■ Your objective:
What is needed is the exact text of each line in the listing below from the one with "Botas de neve" up to and including the one with "Boneco de neve", and no pictures.

■ Data shown:
------------------------------------

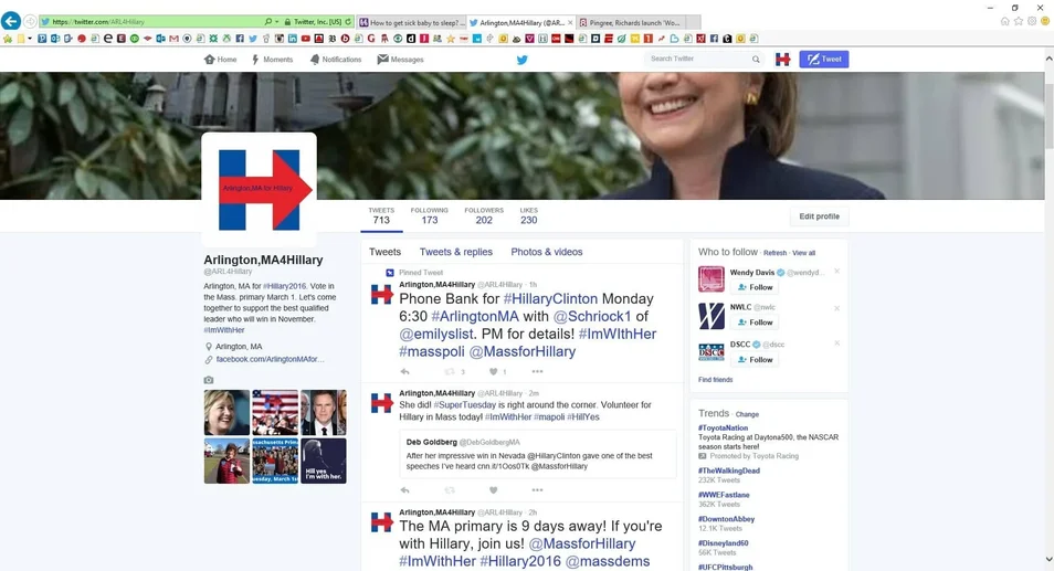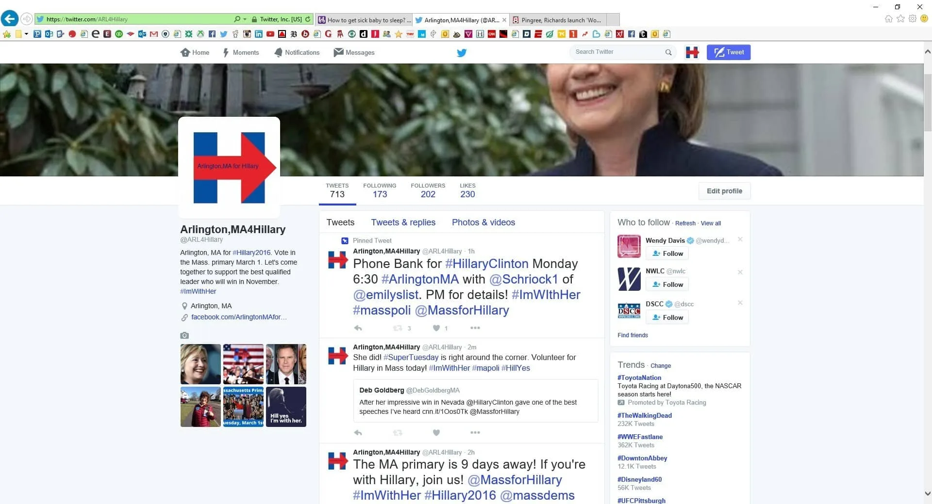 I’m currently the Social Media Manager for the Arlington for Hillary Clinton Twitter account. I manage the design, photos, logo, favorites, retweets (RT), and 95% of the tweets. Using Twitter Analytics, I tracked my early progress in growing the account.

------------------------------------

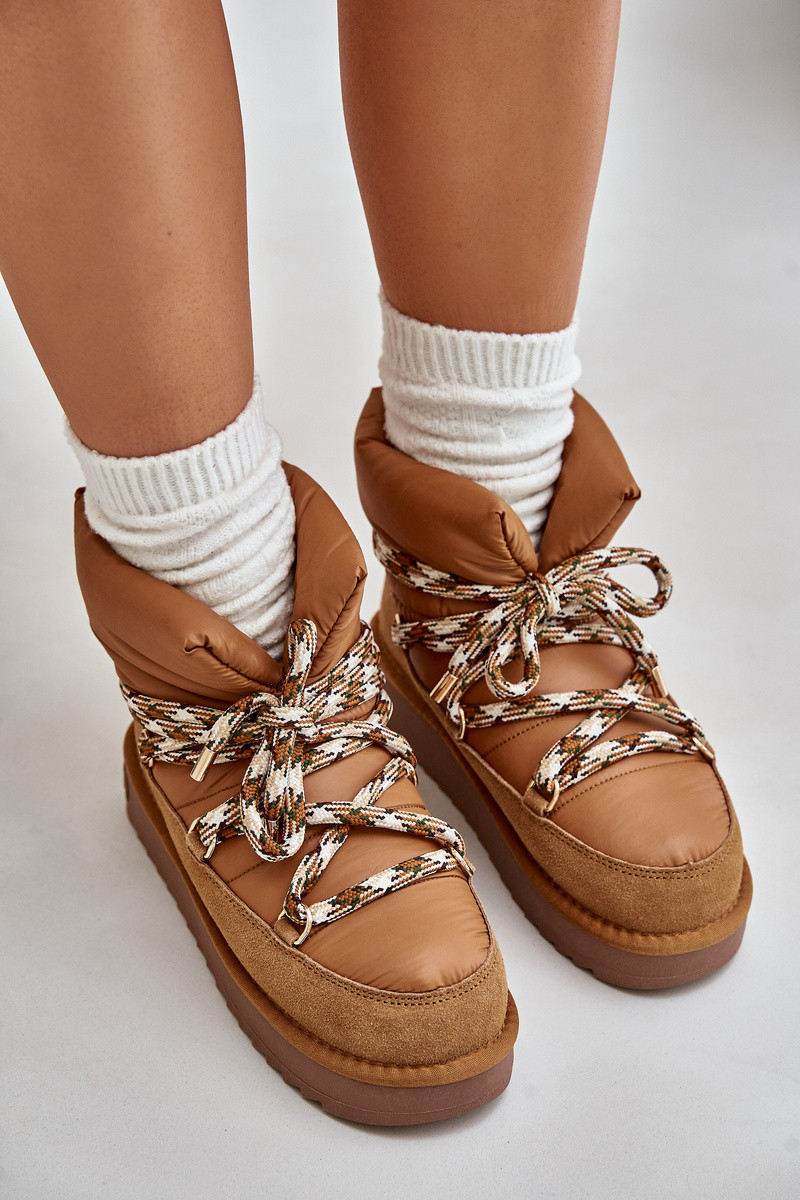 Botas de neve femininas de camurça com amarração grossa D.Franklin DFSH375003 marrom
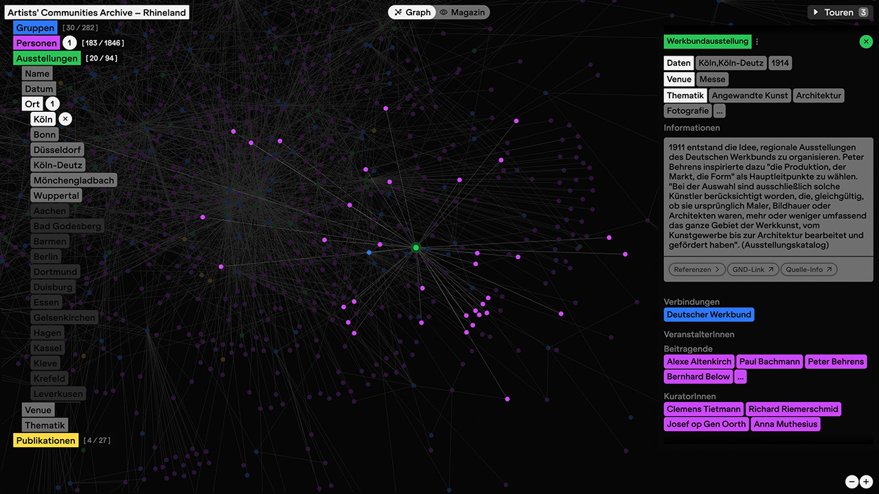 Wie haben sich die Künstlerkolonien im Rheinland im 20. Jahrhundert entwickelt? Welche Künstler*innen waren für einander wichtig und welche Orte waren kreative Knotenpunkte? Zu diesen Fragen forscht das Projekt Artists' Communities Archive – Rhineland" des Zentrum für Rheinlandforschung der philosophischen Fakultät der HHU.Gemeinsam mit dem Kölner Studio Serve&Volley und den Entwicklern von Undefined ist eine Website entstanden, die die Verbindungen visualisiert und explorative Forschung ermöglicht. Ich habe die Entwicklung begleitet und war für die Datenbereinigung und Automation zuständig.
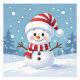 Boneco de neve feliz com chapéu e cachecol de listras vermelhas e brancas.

------------------------------------

■ Solution for this task:
 Botas de neve femininas de camurça com amarração grossa D.Franklin DFSH375003 marrom
 Wie haben sich die Künstlerkolonien im Rheinland im 20. Jahrhundert entwickelt? Welche Künstler*innen waren für einander wichtig und welche Orte waren kreative Knotenpunkte? Zu diesen Fragen forscht das Projekt Artists' Communities Archive – Rhineland" des Zentrum für Rheinlandforschung der philosophischen Fakultät der HHU.Gemeinsam mit dem Kölner Studio Serve&Volley und den Entwicklern von Undefined ist eine Website entstanden, die die Verbindungen visualisiert und explorative Forschung ermöglicht. Ich habe die Entwicklung begleitet und war für die Datenbereinigung und Automation zuständig.
 Boneco de neve feliz com chapéu e cachecol de listras vermelhas e brancas.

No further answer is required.